THE TASK
The lines to extract begin at the line that contains "Die Chrisammesse, jährlich" and run through the last line of the listing; reproduce them exactly, minus any pictures.
*** RECORDED INFORMATION Section Begins ***
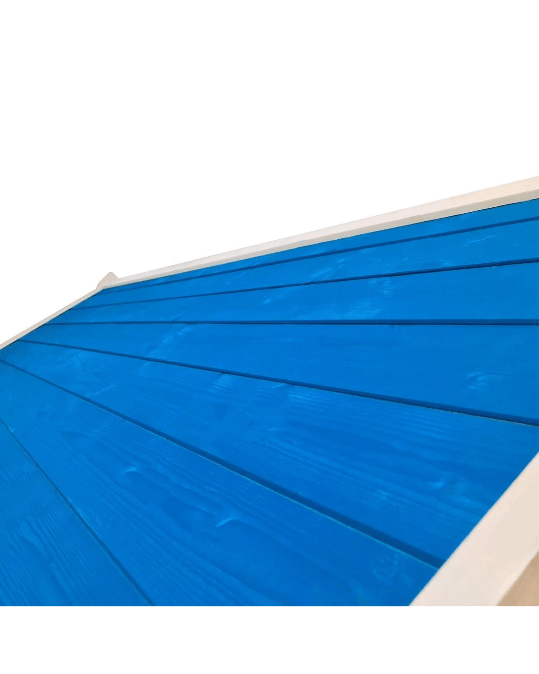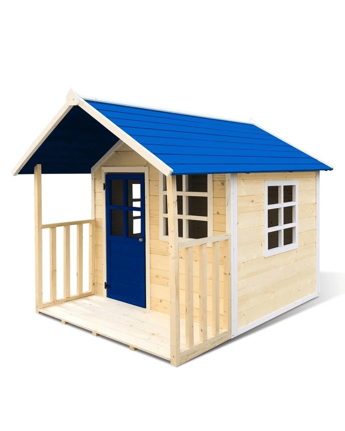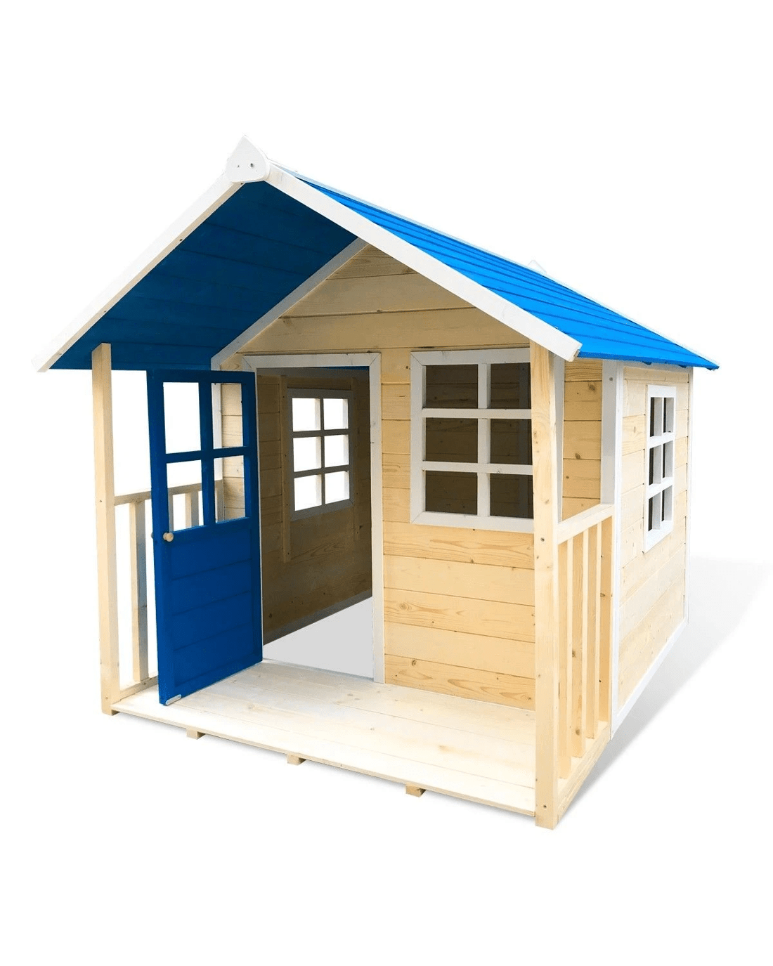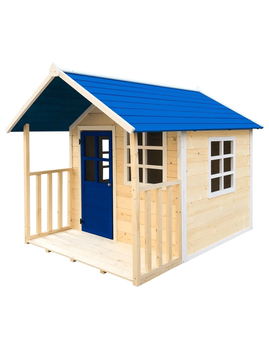 This new design of wooden cubby house offers a unique design for an appealing appearance. The treated wood construction out of fir wood, finished with eco-friendly and waterproof paint, is durable and weather-resistant, suitable for outdoor use. The cubby house is equipped with front and side windows that allow ample natural light to freely travel through. The swinging door in bright blue, the same colour as the roof, is designed for easy access. Your children's favourite game will be on excitingly once with this wonderful cubby house in the backyard, as the house is the perfect hiding place for kids. The wooden house requires only easy assembly and little maintenance.
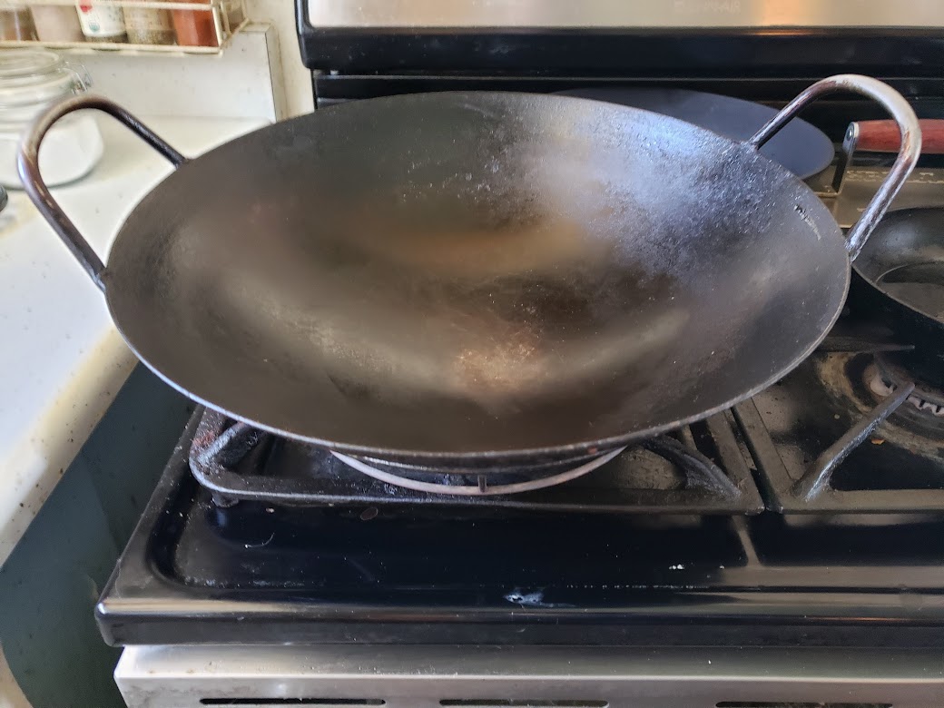 The old wok doesn’t need any more seasonin, but the new one has been a bit difficult.
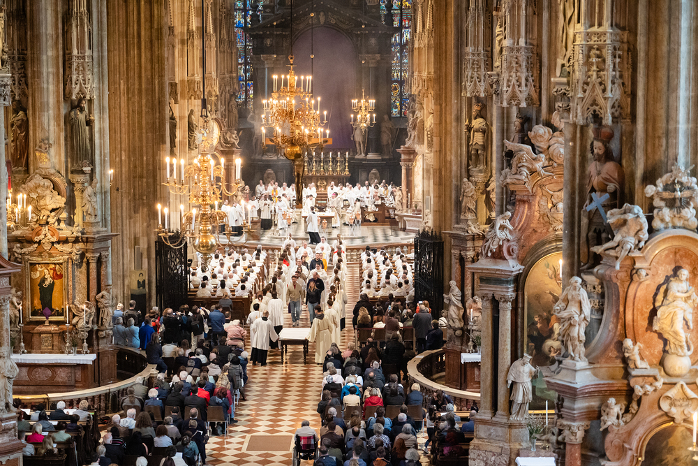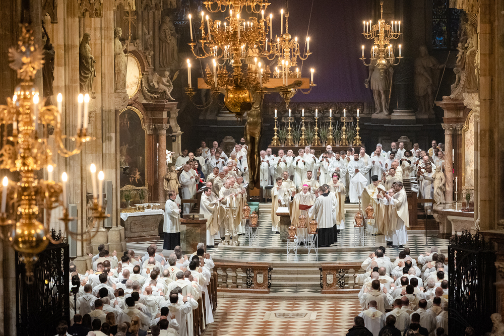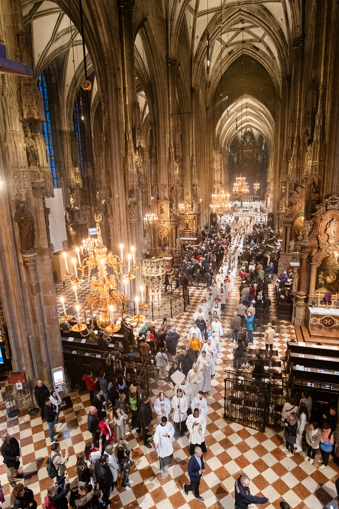 Die Chrisammesse, jährlich in der vorösterlichen Bußzeit gefeiert, ist ein zentrales Ereignis im katholischen Kirchenjahr. Hier weiht der Bischof die heiligen Öle für Sakramente und Sakramentalien. In Wien leiteten Apostolischer Administrator Josef Grünwidl und Weihbischof Franz Scharl gemeinsam die Feier - wir waren mit der Kamera dabei.
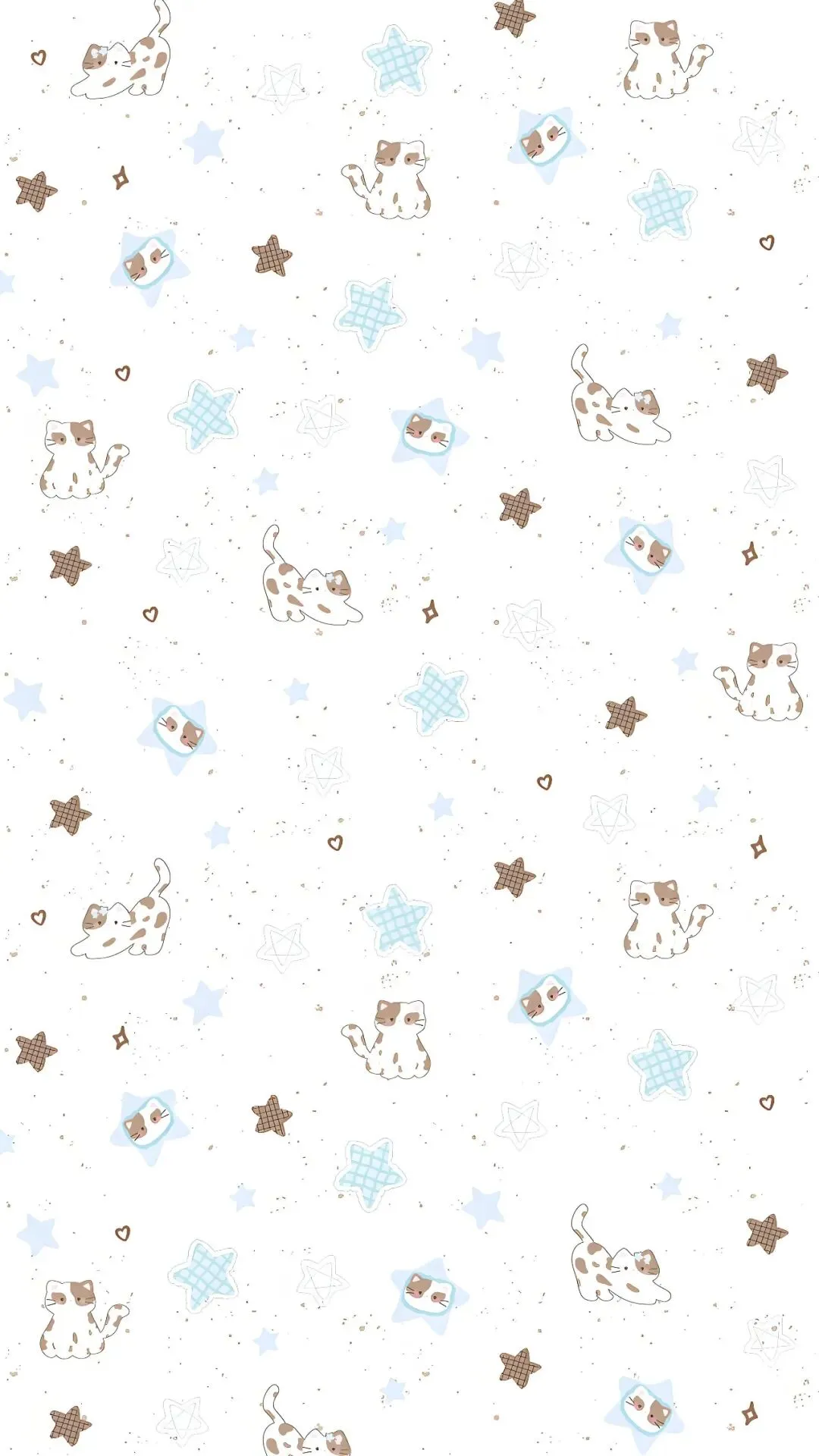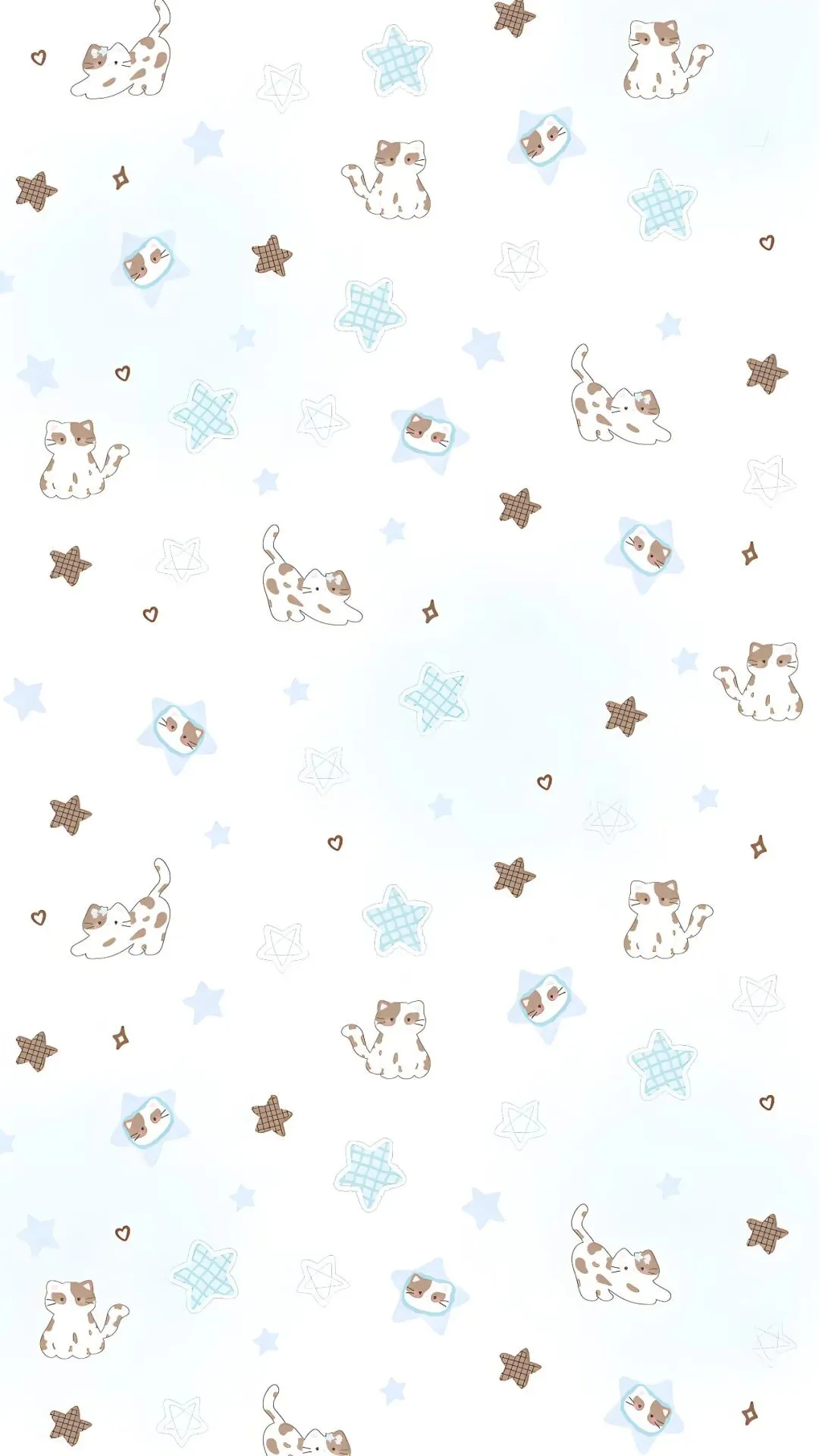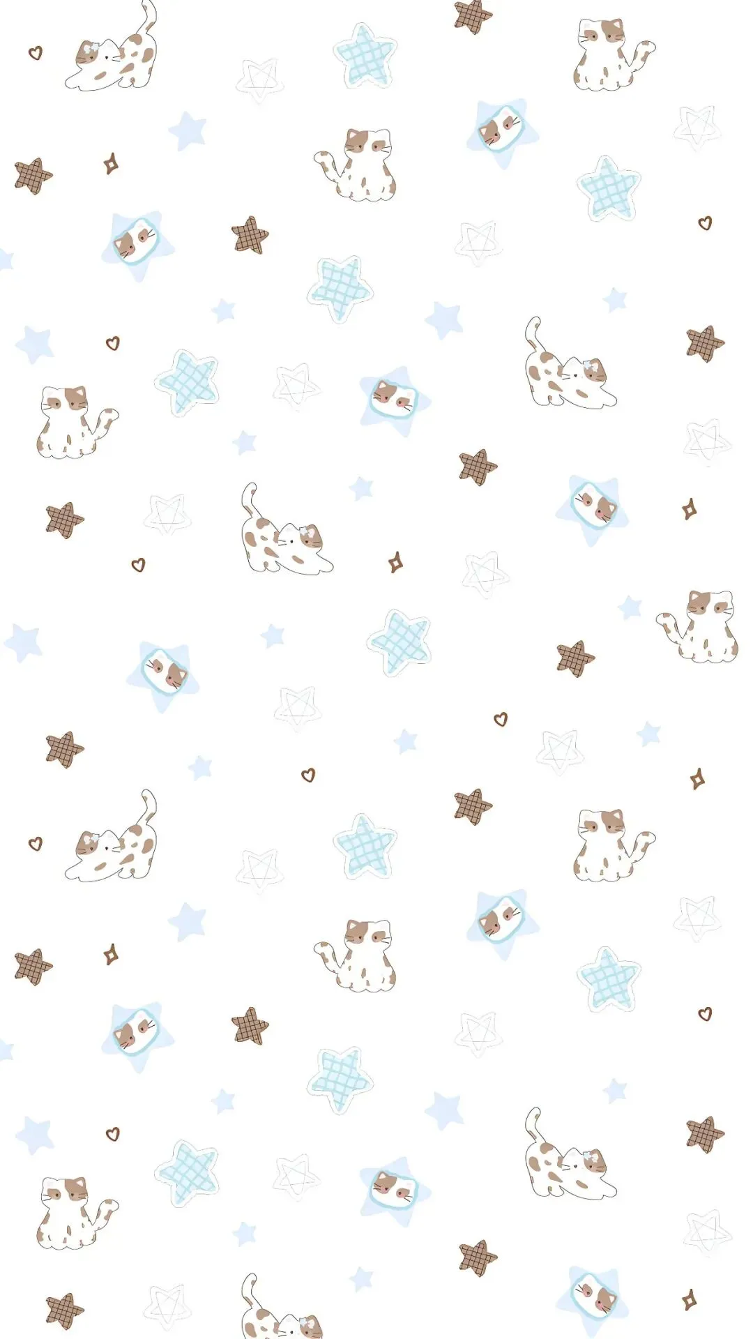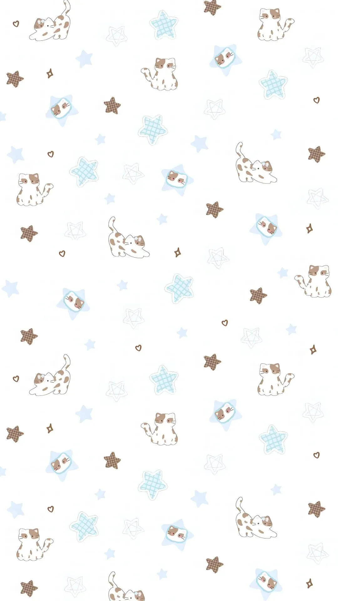 白色背景搭配清新蓝棕色调,软萌小猫或趴或躺,Kitty笑脸超治愈,加上星星爱心点缀,瞬间拯救无聊屏幕!
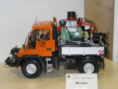 Bei den Brennstoffzelle-Fahrzeugen musste ein mit einer Brennstoffzelle angetriebener Unimog zunächst eine Schaumpolystyrol-Strecke frei- schieben und dann eine Slalom-Strecke durchfahren. |
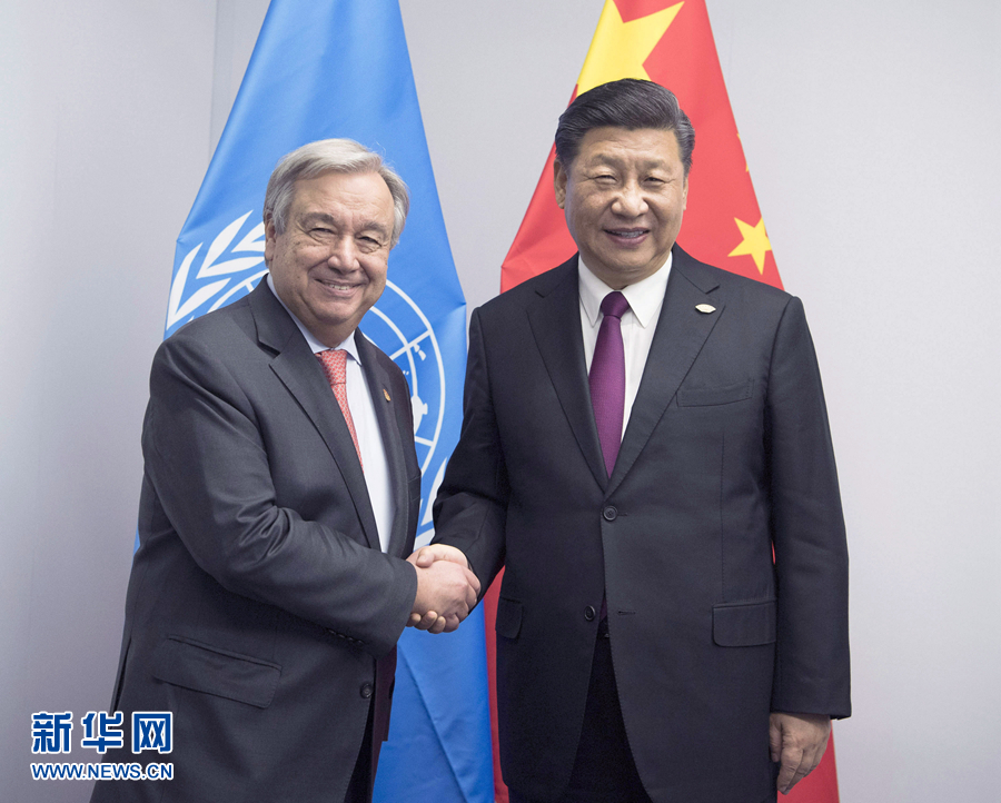 當(dāng)?shù)貢r間11月30日,國家主席習(xí)近平在布宜諾斯艾利斯會見聯(lián)合國秘書長古特雷斯。 新華社記者 李學(xué)仁 攝
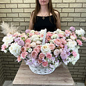 Букет №7411 «Пионовидные розы, маттиолы, гортензии»
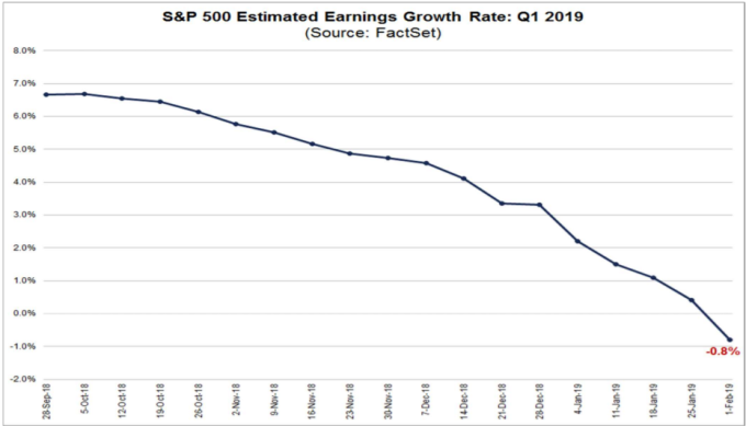 華爾街分析師正在大幅削減 2019 年第 1 季的獲利預期,因此對該期間獲利成長的總體預期變為負面。FactSet 的數據顯示,預計獲利平均下降 0.8%,這與 9 月當時分析師認為將成長近 7% 的獲利預期相比有所逆轉。在抱怨低落的企業展望同時也伴隨著強勁的第 4 季數據。
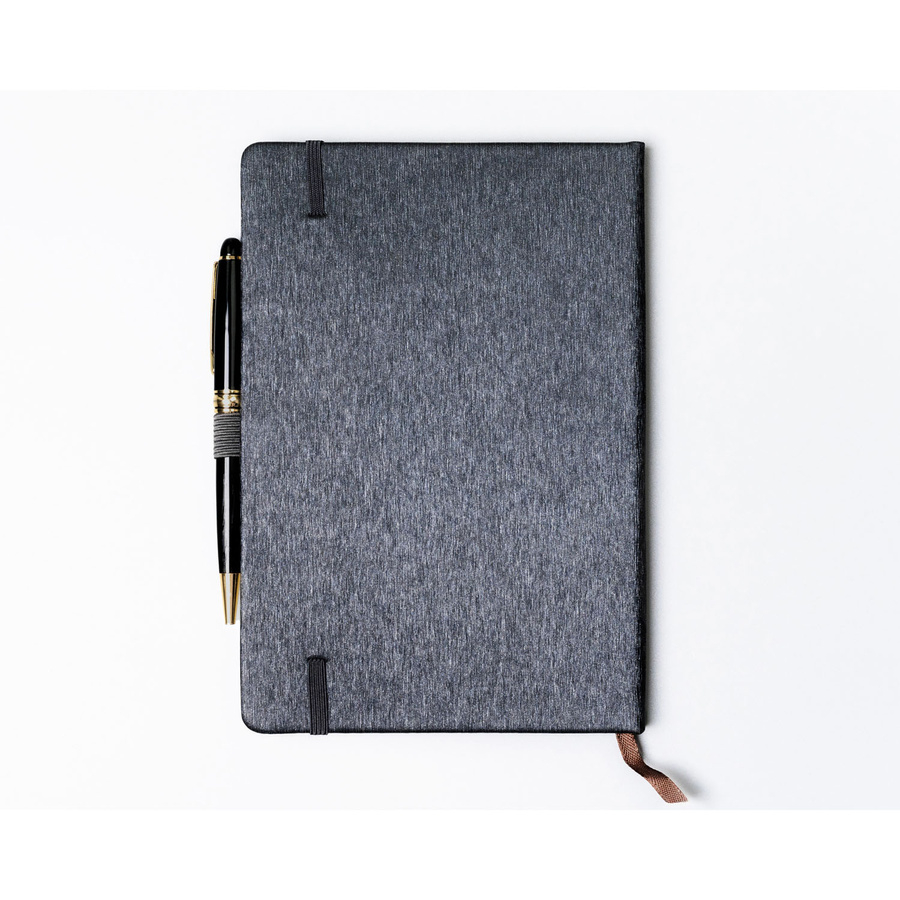 Notes w formacie A5 w szarym kolorze, wyposażony w gumkę zamykającą - Peterson
*** RECORDED INFORMATION Section Ends ***
WRITTEN RESPONSE
 Die Chrisammesse, jährlich in der vorösterlichen Bußzeit gefeiert, ist ein zentrales Ereignis im katholischen Kirchenjahr. Hier weiht der Bischof die heiligen Öle für Sakramente und Sakramentalien. In Wien leiteten Apostolischer Administrator Josef Grünwidl und Weihbischof Franz Scharl gemeinsam die Feier - wir waren mit der Kamera dabei.
 白色背景搭配清新蓝棕色调,软萌小猫或趴或躺,Kitty笑脸超治愈,加上星星爱心点缀,瞬间拯救无聊屏幕!
 Bei den Brennstoffzelle-Fahrzeugen musste ein mit einer Brennstoffzelle angetriebener Unimog zunächst eine Schaumpolystyrol-Strecke frei- schieben und dann eine Slalom-Strecke durchfahren. |
 當(dāng)?shù)貢r間11月30日,國家主席習(xí)近平在布宜諾斯艾利斯會見聯(lián)合國秘書長古特雷斯。 新華社記者 李學(xué)仁 攝
 Букет №7411 «Пионовидные розы, маттиолы, гортензии»
 華爾街分析師正在大幅削減 2019 年第 1 季的獲利預期,因此對該期間獲利成長的總體預期變為負面。FactSet 的數據顯示,預計獲利平均下降 0.8%,這與 9 月當時分析師認為將成長近 7% 的獲利預期相比有所逆轉。在抱怨低落的企業展望同時也伴隨著強勁的第 4 季數據。
 Notes w formacie A5 w szarym kolorze, wyposażony w gumkę zamykającą - Peterson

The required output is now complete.